Deploy a VM (x64 bit, Windows Server 2016 – just like the host, fully updated) and create a vNIC that you attach to your SR-IOV enabled vSwitch.
Boot your VM, log in and go take a look in device manager under Network adapters and System devices. As you can see we find a Mellanox ConnectX-3 Virtual Function Ethernet Adapter for which Windows Server 2016 in the VM has the onboard drivers.
For the best results, we opt to install the Mellanox drivers in the guest as well. I’m keeping the parent partition and the guest partition at the same driver versions.

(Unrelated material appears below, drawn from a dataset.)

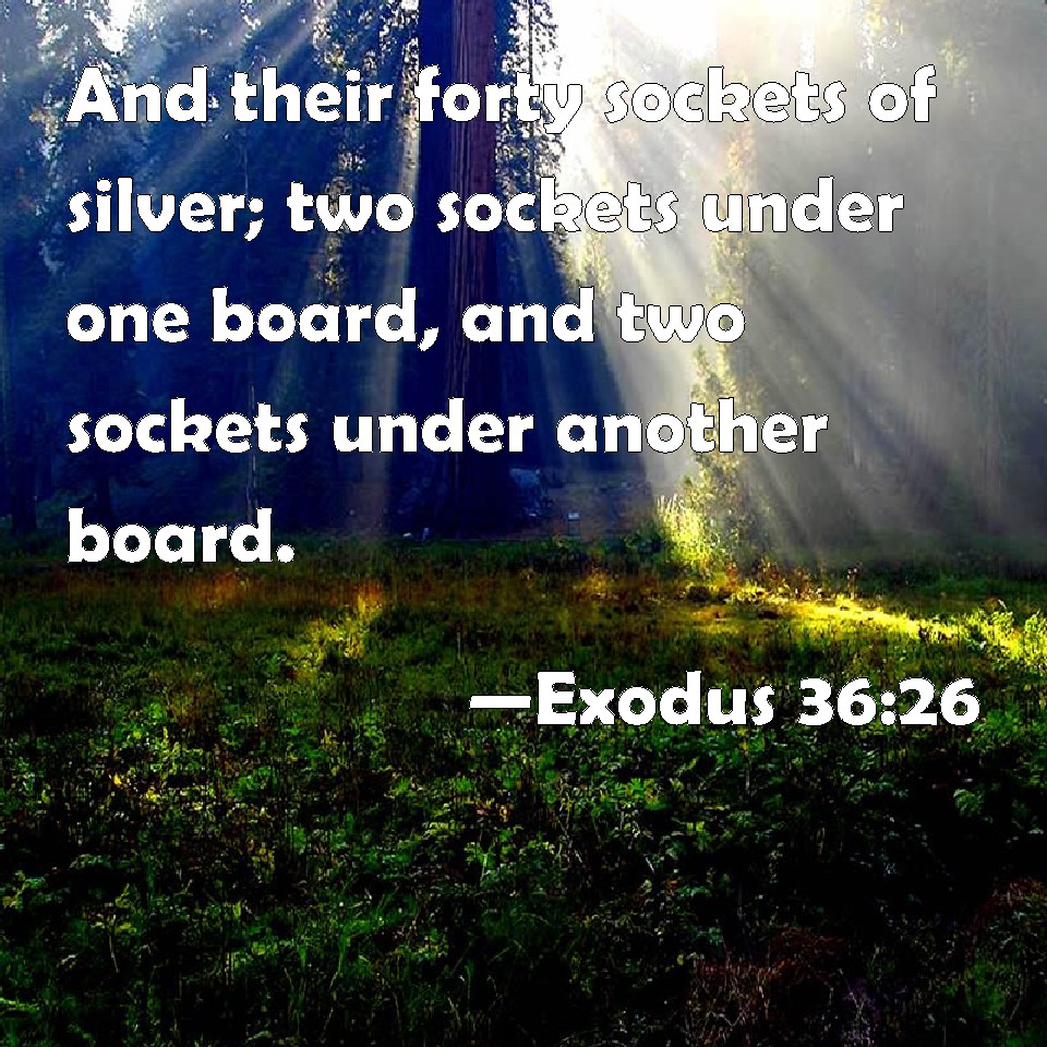 Choose a Background Exodus 36:26 And their forty sockets of silver; two sockets under one board, and two sockets under another board. KJV: And their forty sockets of silver; two sockets under one board, and two sockets under another board. DRB: With forty sockets of silver, two sockets for every board. DBT: and their forty bases of silver, two bases under one board, and two bases under another board. ERV: and their forty sockets of silver; two sockets under one board, and two sockets under another board. WBT: And their forty sockets of silver; two sockets under one board, and two sockets under another board. WEB: and their forty sockets of silver; two sockets under one board, and two sockets under another board. YLT: and their forty sockets of silver, two sockets under the one board, and two sockets under the other board;Links Exodus 36:26 NIV • Exodus 36:26 NLT • Exodus 36:26 ESV • Exodus 36:26 NASB • Exodus 36:26 KJV • Exodus 36:26 Interlinear • Exodus 36:26 Commentaries • Exodus 36:26 Parallel Texts • Exodus 36:26 Bible Apps • Exodus 36:26 Parallel • Bible Hub |

I restart the VM for good measure and voila … the Mellanox driver shows up
and in the System devices for the Mellanox ConnectX-3 VPI (MT04100) Virtual Network Adapter we see more of the Mellanox menus.
Between those two devices, we can control any aspect of the rNIC that’s exposed and available to the VM. The only thing we deal with on the Hypervisor level for the VM is the VLAN tagging and some of the RDMA configuration options are not controlled from within the VM.
For the demo, we actually created a 2 vNIC virtual machine. This has one “normal” LAN NIC connected to a standard vSwitch and one vRDMA NIC connected to the SR-IOV enabled vSwitсh.
In the VM setting, this gives as in the figure below.
As you can see we tag the VLAN on the vRDMA NIC in the vNIC Settings. So now it’s time to set up RDMA in the guest itself. The Mellanox counters itself are not yet ready for this scenario in the guest so I cannot use those to show you priority tagging at work or any other Mellanox counter goodies or so. We will use the native windows RDMA Activity performance counters and the SMB Direct Connections counters to check traffic in the guest. On the parent partition, we can follow what’s happening with the Mellanox counters.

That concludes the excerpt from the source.